This is a series of lores found in the game

Azilmote, Rogue Scholar, by Jons Jhonass

Part I

"He may have grew up in parts unknown, yet he lived his life in fame abound. Azilmote, the Rogue Scholar, was not a scholar at all. He lived with the notion that adults were too serious. And so he lived as a children, even when old. Pranks were pranked and jokes were joked, but Azilmote was often the most elderly of all."

Part II

"When he aged all took it that the man was serious. Azilmote played his pranks and often nobody would suspect him. Azilmote's antics were open for all to see and yet no one would see him. He would allow the pranks but none but him would take the blame. Though blame diverted, no one would take it."

Part III

"The lyrical prose of Azilmote is often misleading. He was in fact a very serious scholar who took his work seriously. He became this 'rogue scholar' when he became delighted in showing off his own profound sense of humor.

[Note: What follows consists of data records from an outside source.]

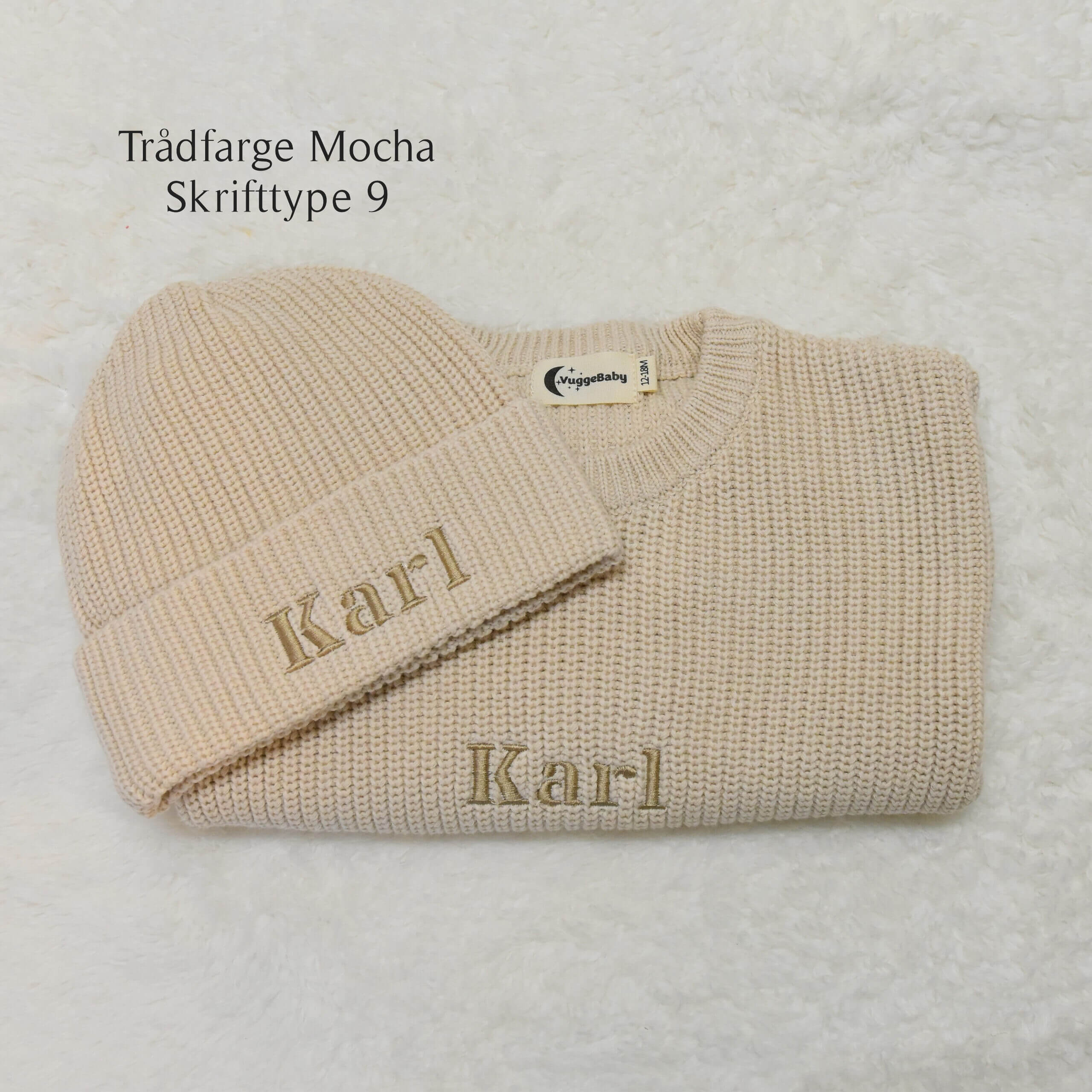 Øko strikkegenser med navn fra Vuggebaby.
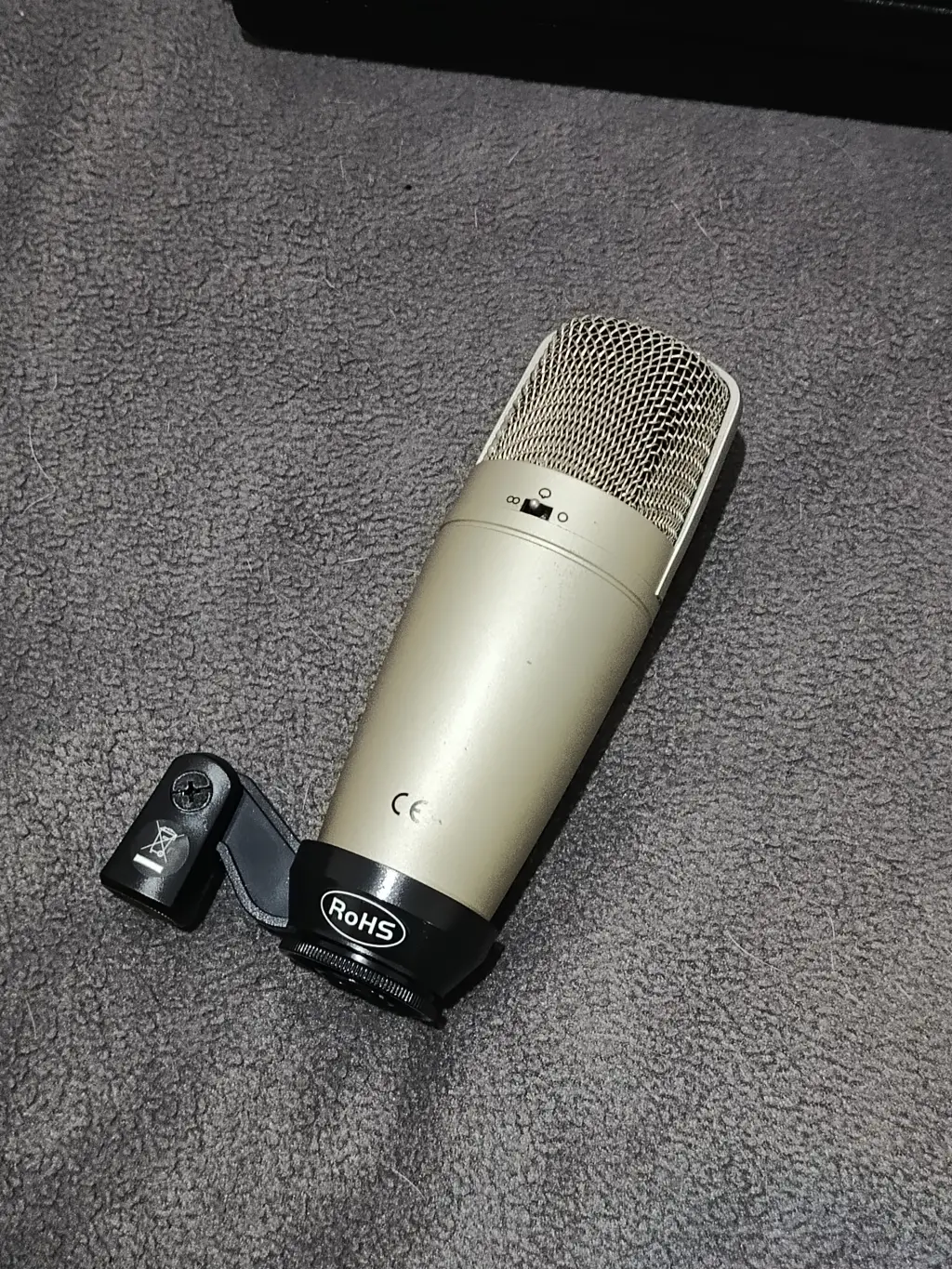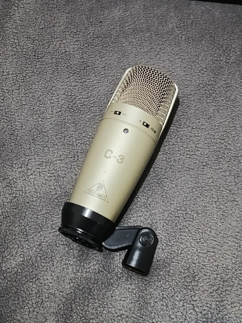 Micrófono condensador Behringer C-3 en excelente estado, ideal para grabación de voces, instrumentos acústicos, podcast y home studio. Ofrece tres patrones polares seleccionables (cardioide, omnidireccional y figura en 8), lo que permite adaptarlo a distintas situaciones de grabación.
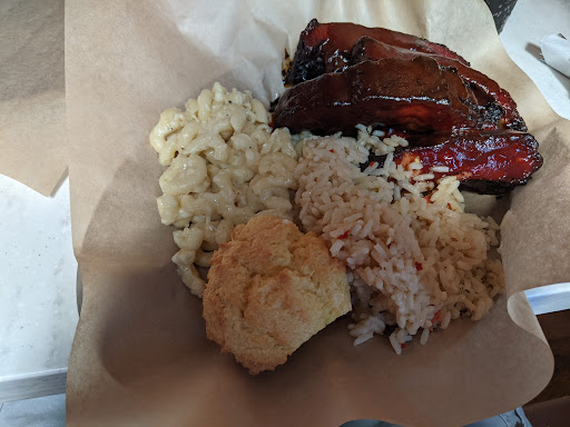 Read moreA 5 star rating? Half of restaurant is a kitchen remodeling store. Eat dinner and look at cabinets and case of toilet paper. Halfway through meal gal entered with her three year old and toy poodle in tow. Ate dinner with dog sitting at our table begging and child either standing there with pooch or running from one end of restaurant to front door , then clawing at front door window to - get out? Relaxing. Food(?). Could not tell difference in taste between BBQ chicken and pulled pork. Served in pool of - water? - and tasted watery. Baked beans recipe - open whatever can of pork and beans on sale this week. Dirty rice - no, not dirty rice, bland, overcooked rice with teeny tiny bits of red and green pepper but absolutely no flavoring. Mac and cheese would have been better if cook had added cheese and used water from BBQ chicken and pulled pork to give it some moisture. This is place for you if you want to sit at bar and drink in daycare/kennel but...
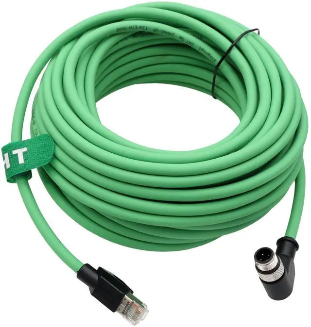 Ethernet M12 D-coded 4 pin to RJ45 connector network data power CAT5E cable, 15 meter / 49.2 feet. The screw-locking M12 connector is male right-angle 315-degree ^^ M12 Ethernet cable for SICK sensor, for Keyence IV IV2 series sensor / SR-1000 2000 700 750 barcode reader, for Datalogic barcode scanner Matrix 120 210N 300N 410N 450 DS2100N DS2400N DS5110, for Omron machine vision system to network communication application like PC host computer PLC router switches, PoE injector rated at 30V 3A ^^ M12 cable is widely used in sensor, machine vision image sensor camera system, barcode scanner reader, actuator, encoder, industrial Ethernet, network, outdoor LED display, rail transit CCTV control system, industrial automation control, servo, motor, robot, fieldbus, EtherNet/IP, profinet, EtherCAT, switches, router, PC host computers, PLC, process control, PoE injector power ^^ The cable can effectively avoid electromagnetic interference signals, and can transmit data high speed and stability, up to 100 Mbit/s.
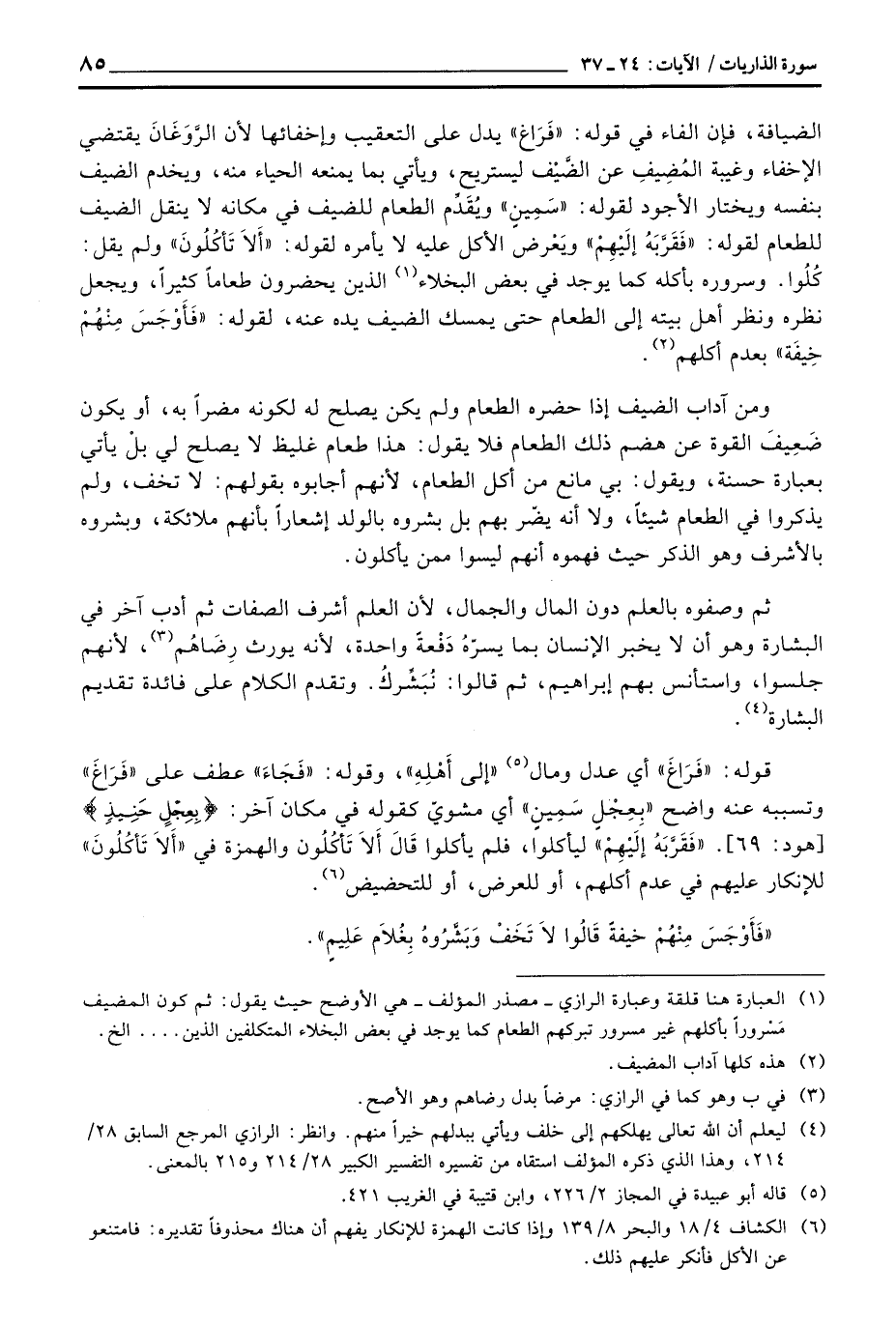 الضيافة، فإن الفاء في قوله: «فَرَاغ» يدل على التعقيب وإخفائها لأن الرَّوَغَانَ يقتضي الإخفاء وغيبة المُضِيفِ عن الضَّيْف ليستريح، ويأتي بما يمنعه الحياء منه، ويخدم الضيف بنفسه ويختار الأجود لقوله: «سَمِينٍ» ويُقَدِّم الطعام للضيف في مكانه لا ينقل الضيف للطعام لقوله: «فَقَرَّبَهُ إلَيْهِمْ» ويَعْرض الأكل عليه لا يأمره لقوله: «أَلاَ تَأْكُلُونَ» ولم يقل: كُلُوا. وسروره بأكله كما يوجد في بعض البخلاء الذين يحضرون طعاماً كثيراً، ويجعل نظره ونظر أهل بيته إلى الطعام حتى يمسك الضيف يده عنه، لقوله: {فَأَوْجَسَ مِنْهُمْ خِيفَةً} بعدم أكلهم.
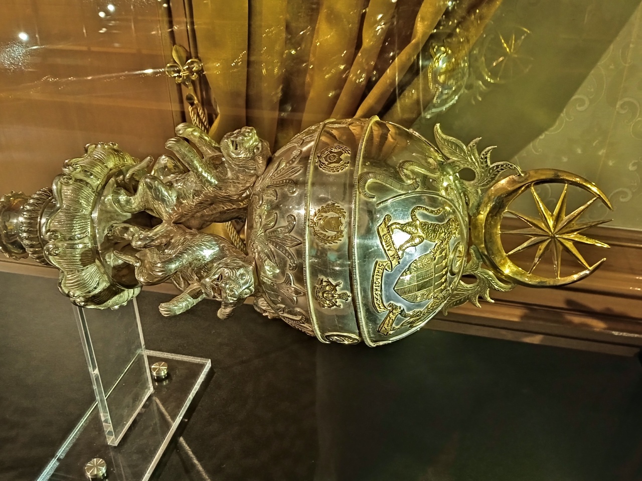 Cogan Alam (Sceptre of the World) symbolizes royal authority. Made of silver, it is topped with an orb crowned by a gold crescent and star. The orb bears the crests of the eleven states and is supported by tiger figures, while the shaft is decorated with golden paddy ears.
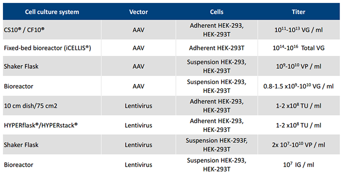 不管細胞培養(yǎng)體系和生產(chǎn)規(guī)模如何, PEIpro?和PEIpro?-HQ 均可獲得較高的病毒產(chǎn)量,慢病毒的病毒滴度超過107IG/mL,而AAV的病毒滴度超過109 VG/mL。
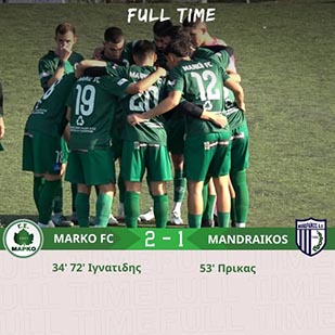 Στο πλαίσιο της 23ης αγωνιστικής η Μαρκό επικράτησε με 2-1 του Μανδραϊκού και μεώισε τη διαφορά από την κορυφή στο...
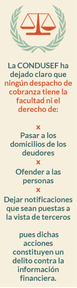Sin duda quien solicite un préstamo está obligado a pagarlo, pero al respecto la Comisión Nacional para la Protección y Defensa de los Usuarios de Servicios Financieros (CONDUSEF) ha dejado claro que ningún despacho de cobranza tiene la facultad ni el derecho de pasar a los domicilios de los deudores, ni de ofender a las personas, ni de dejar notificaciones que sean puestas a la vista de terceros, pues ello constituye un delito contra la información financiera; además de que las cobranzas extrajudiciales no otorgan atributos a los despachos para actuar por cuenta propia y por encima de la ley.
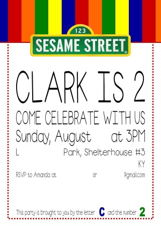 I’ve already created an inspiration board on Pinterest but I find that I need paper goods finished before anything else to really get the theme of a party going. Last year, I made some super awesome Yo Gabba Gabba invitations that were completely from scratch, but this year I borrowed a little inspiration from this blogger. I can’t say that I won’t be copying even more ideas from her AMAZING party! My husband and I discussed it and decided upon a Sesame Street theme, which will allow for many toddler-appropriate activities.
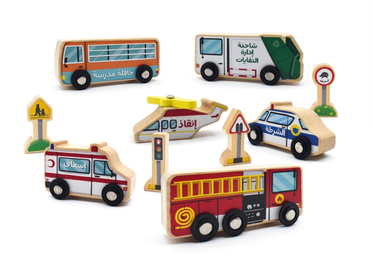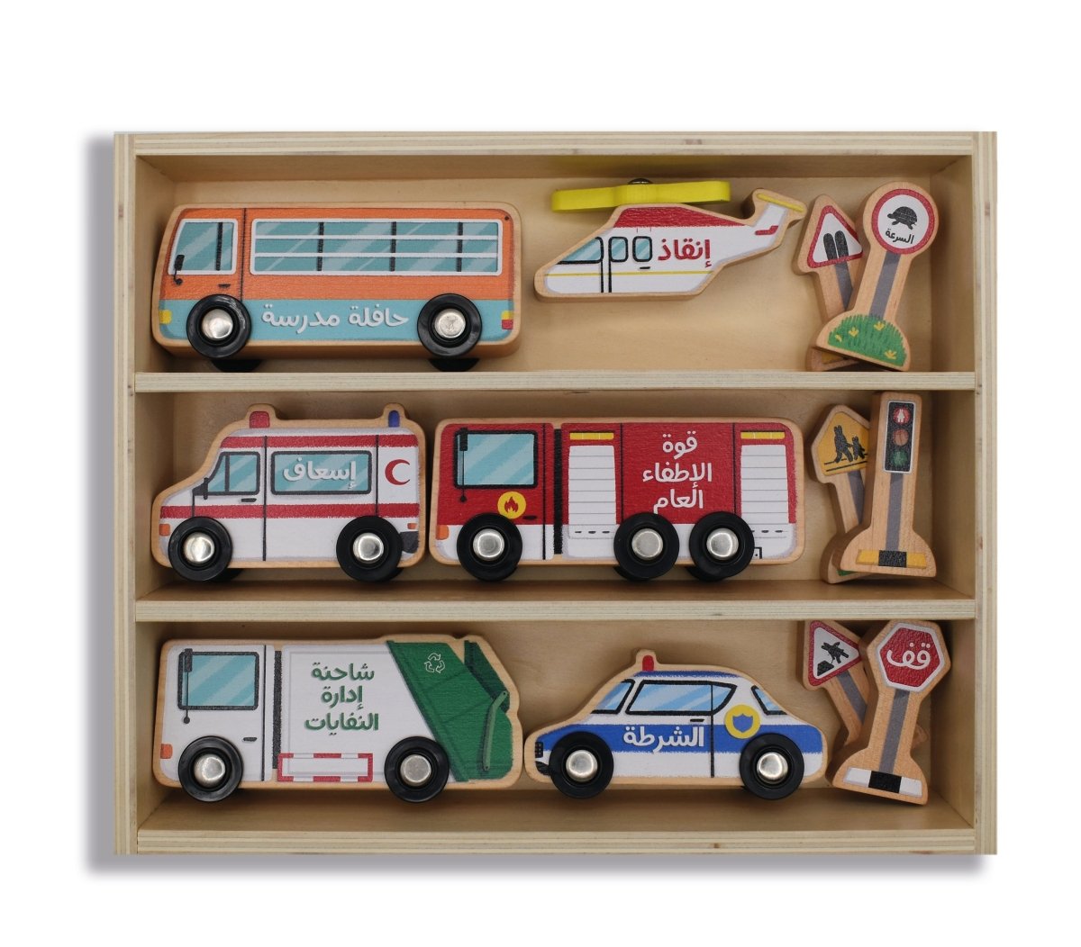 Ignite your child’s creativity and take their imaginative play to new heights with this delightful wooden vehicle set...in Arabic! Featuring an ambulance, fire truck, garbage truck, police car, helicopter, school bus, and six traffic signs, this high-quality set invites little ones to explore the bustling world of transportation and city life.
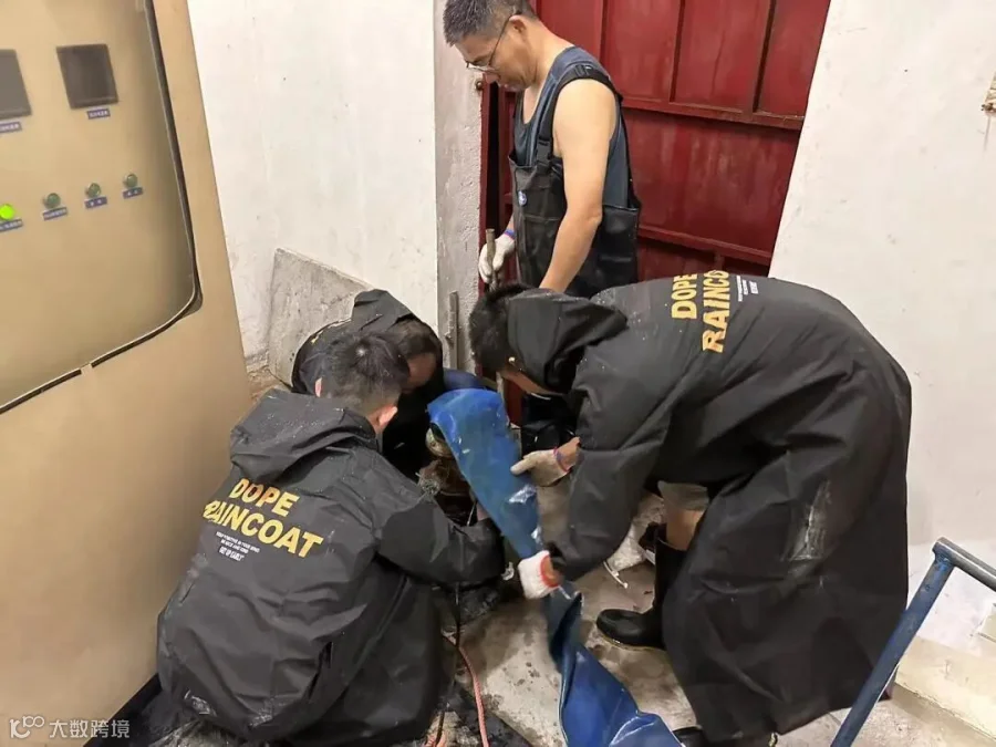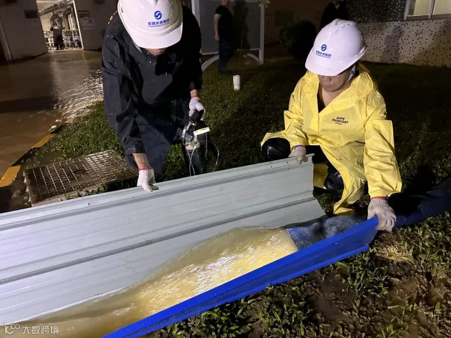 虾公潭厂区内,乔文迅速从家中赶回厂区,召集厂区留宿员工现场成立汛期抢险小组,带领厂区员工开展防汛抢险工作。安全员罗子聪及时为抢险人员发放劳保物资,并做好其他员工安置,确保人员安全;工艺技术员陈泽填迅速组织抢险人员放置防汛沙袋防止配电间浸水,转移生产药剂至地势较高处存放,同时对全厂设备进行断电保护;同时,厂区维修抢险人员迅速将移动式潜水泵放置在厂区设备电缆沟进行抽水,防止水位进一步上升,并时刻关注下水道及厂外河道情况。厂区员工众志成城,齐力抗灾,截至8日2时许,厂外河道水位下降,厂区道路积水排除,厂区逐步恢复生产。

He was quoted as the people of the Empire would take themselves far more serious than is required. The children of the Empire were often amused when this old man would pull the same tricks they themselves would pull. The parents themselves, however, were not amused."

Part IV

"Azilmote's antics would eventually cause great problems for him. When it came known that he was the perpetrator for many pranks, his position as an Imperial Scholar would be in danger. The seriousness he disliked would come as an opponent. The unamused parents and workers would soon see this man not as an authority figure but a child in an old body. When told this, Azilmote thanked them for the compliment and declined to continue his career himself."

Part V

"It was after the old man was gone that his presence was missed. Even a few of the academics that were sour with him eventually agreed that the work was more enjoyable in his tenure. Azilmote died of old age a year or two after he left. His wife thanked the academics for their kind words. He was buried on a beautiful day in his hometown of Far West. It is said that dreams of mischief comes to those in Far West now and then."